On Friday, the government released details of a $2-billion “agreement in principal” with Quebec medical specialists in effect from 2015 to 2023.
Specialists will see an 11.2 per cent increase spread out over eight years, which will cost the province $511 million. The doctors will also get another $1.5 billion, the equivalent of three times their salary increase, spread out over 10 years for what the government is calling its “debt to doctors.”
The National Assembly debated for three days this week about the agreement, thinking they had the final numbers.
On Thursday, during question period, Parti Quebecois (PQ) health critic, Diane Lamarre asked Treasury Board president Pierre Arcand why the money wasn’t being spent instead on patient care. The PQ has said they will freeze doctors’ salaries if elected next fall.
“Giving $1 billion to 10,000 specialists in the next five years is simply obscene,” said PQ Leader Jean-François Lisée.

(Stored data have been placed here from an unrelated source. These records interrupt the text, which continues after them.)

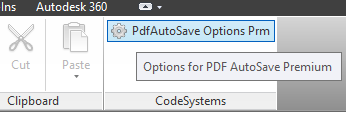 Start PdfAutoSave Options under Tools tab > CodeSystems panel.
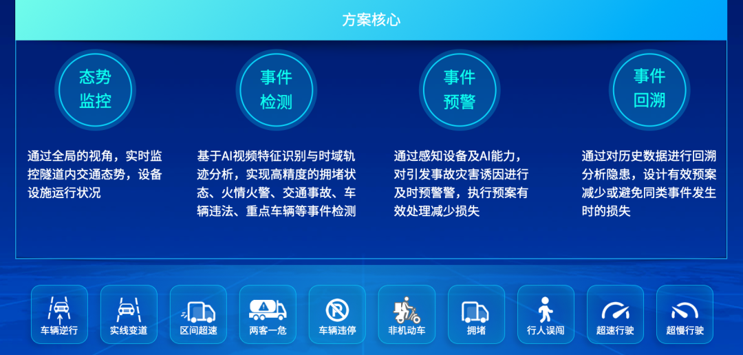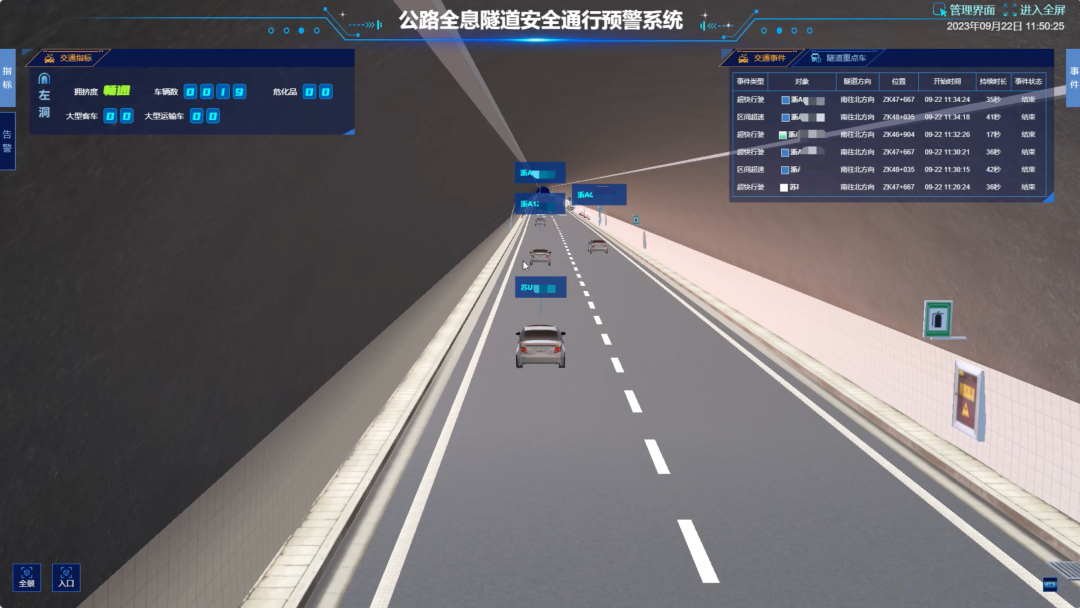 信路威公路全息隧道安全通行預(yù)警系統(tǒng),是一套將高精地圖和三維模型相結(jié)合的可視化應(yīng)用系統(tǒng),基于數(shù)字孿生技術(shù),將交通實(shí)景和事件信息在系統(tǒng)上進(jìn)行數(shù)字重構(gòu),提供與真實(shí)場(chǎng)景時(shí)空基準(zhǔn)一致的數(shù)字化映射。在隧道中,通過布設(shè)多個(gè)智慧基站,將分段、獨(dú)立的感知數(shù)據(jù)進(jìn)行關(guān)聯(lián)融合形成全域信息。同時(shí),將數(shù)據(jù)模型和智能算法相結(jié)合,依托全息感知網(wǎng),對(duì)全隧道交通數(shù)據(jù)進(jìn)行匯聚、交互、交換轉(zhuǎn)發(fā)等處理,實(shí)現(xiàn)事件識(shí)別、統(tǒng)計(jì)分析和處理加工,從而構(gòu)建隧道數(shù)字孿生底座。基于數(shù)字孿生底座可以建設(shè)多個(gè)數(shù)字化應(yīng)用場(chǎng)景,如:提供“兩客一危”等特種車輛全域跟蹤,實(shí)時(shí)孿生車輛的位置、速度等信息,并可以對(duì)隧道內(nèi)違規(guī)停車、變道、逆行、超速等多種交通事件信息的實(shí)時(shí)動(dòng)態(tài)孿生,實(shí)現(xiàn)對(duì)隧道的智能化、數(shù)字化管理。信路威公路全息隧道安全通行預(yù)警系統(tǒng),通過全息可視化的能力,讓隧道的監(jiān)控有空間感、更直觀,AI賦能推動(dòng)隧道安全管理更智慧!
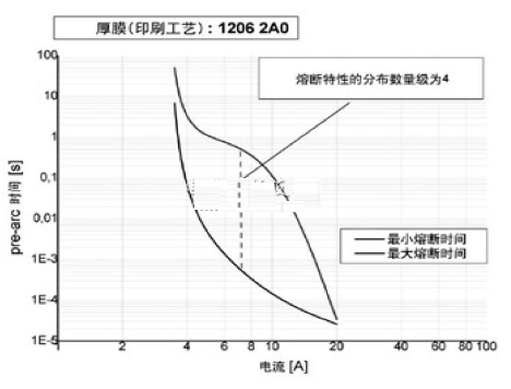 在設計階段,電子工程師會碰到熔斷特性大幅變化的情況。一般來說,貼片式保險絲是低阻值的電阻,其阻值只有幾歐姆。如上所述,熔融特性與電阻值有關。如果電阻值的變化范圍很大,熔融特性也就相應地有很大變化。由于這種可能發(fā)生的變化,貼片式保險絲在碰到正常的涌流時就斷開,或是相反,在過載情況下,應該斷開時卻不斷開,這種最糟糕的情形是工程師必須避免的。圖3所示為印刷厚膜保險絲的熔斷特性典型分布。
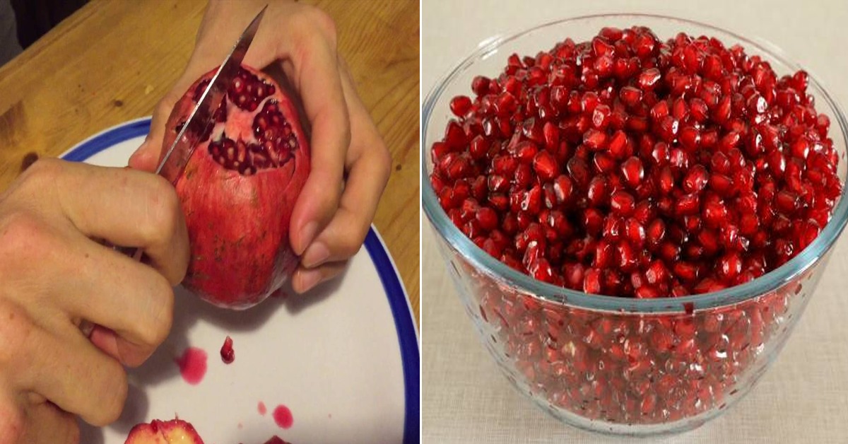 انار چھیلنے سے 1/2 قبل ٹھنڈے پانی میں بھگو دیں۔ اس کو جب چھیلیں گے تو یہ آسانی سے چھل جائیں گے کیونکہ اس کی اوپری تہہ والا چھلکا سکڑنے لگے گا۔
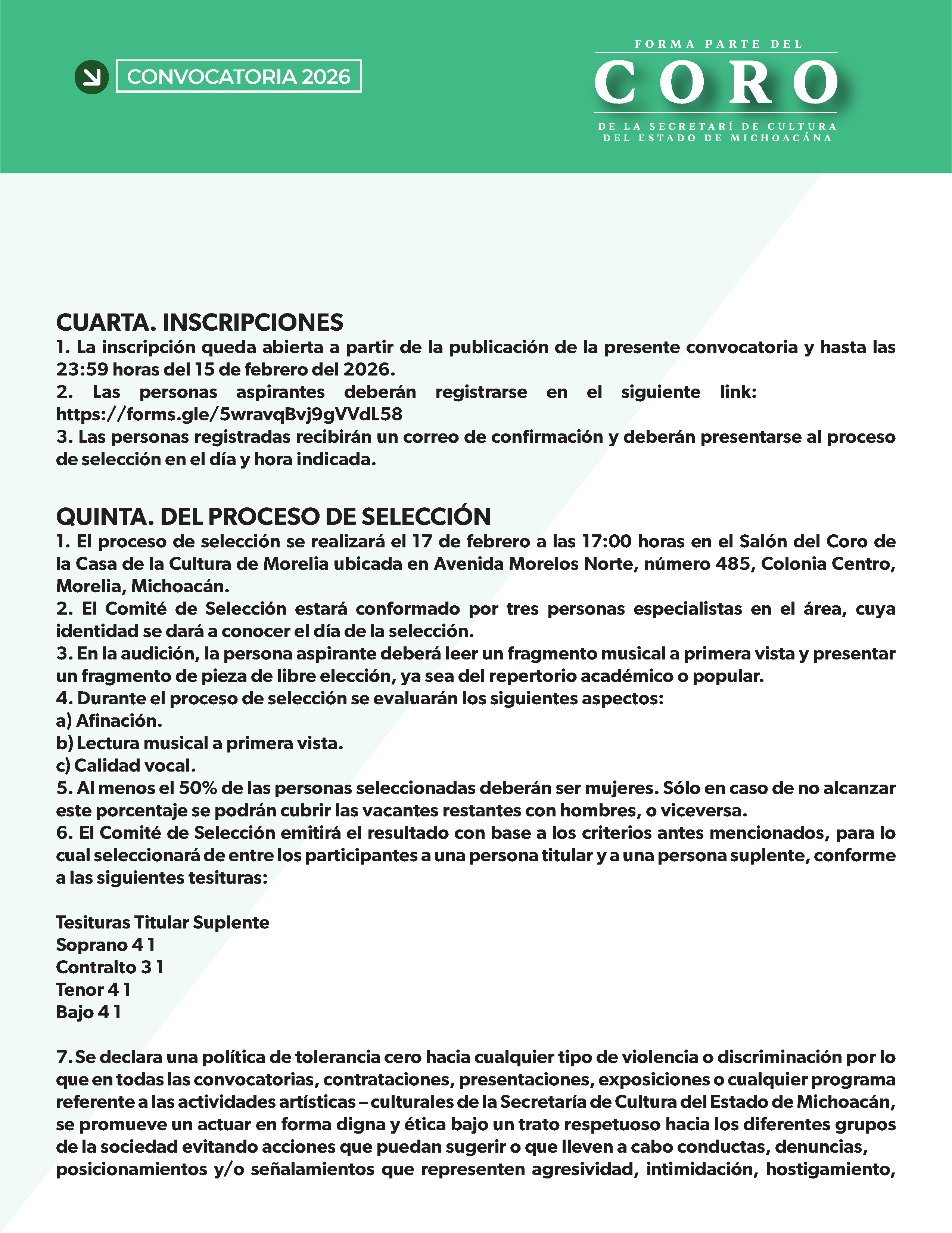 Convocatoria 2026 / Forma parte del Coro de la Secretaría de Cultura del Estado de Michoacán

When the agreement was finally made public on Friday, we learned the deal is actually worth over $2 billion. If that sounds like a lot of money, Arcand said it’s a “reasonable deal,” and could have cost the government a lot more money.
Arcand explained that is because they repealed what’s called a “trailer clause”: in 2014, specialists were to receive a salary hike any time the government negotiated an increase with other unionized employees.
Arcand said doctors agreed to forego $3 billion in salary increases over the next decade.
“I think it’s a question of realism on the part of the federation,” he said.
In the second part of the agreement, the government also promises to pay back by 2027, what it says is its “debt to doctors.” In total, the government will pay $1.5 billion, which amounts to 2.2 per cent a year over 10 years on top of the 1.4 per cent increase specialists receive through the agreement.
“There was an agreement in 2007. In 2008, the whole world had budget problems,” Arcand said.
However, the Opposition says this is a diversion tactic because specialists don’t need salary increases at all.
“Since 2015, he says, doctors in Quebec have been earning more than they do in Ontario,” CAQ health critic, François Paradis said. “We’re giving too much money and now, our hands are tied for 10 years.”
“There’s a certain part of the population, no matter what the deal would have been, that thinks doctors probably earn too much,” Arcand said.
Specialists promise better access
The agreement includes $105 million specifically to increase access to MRIs and X-rays.
Currently, there are 58,000 people on a wait list for an MRI. Forty-five percent of those people will wait longer than 90 days. Specialists say they are committed to making sure that as many MRI machines as possible will run 16 hours a day.
The government has also made a special agreement with anesthesiologists to provide care in all regions of Quebec. Breaking the agreement could result in a fine of $3,000 for a single specialist or as much as $200,000 for the association.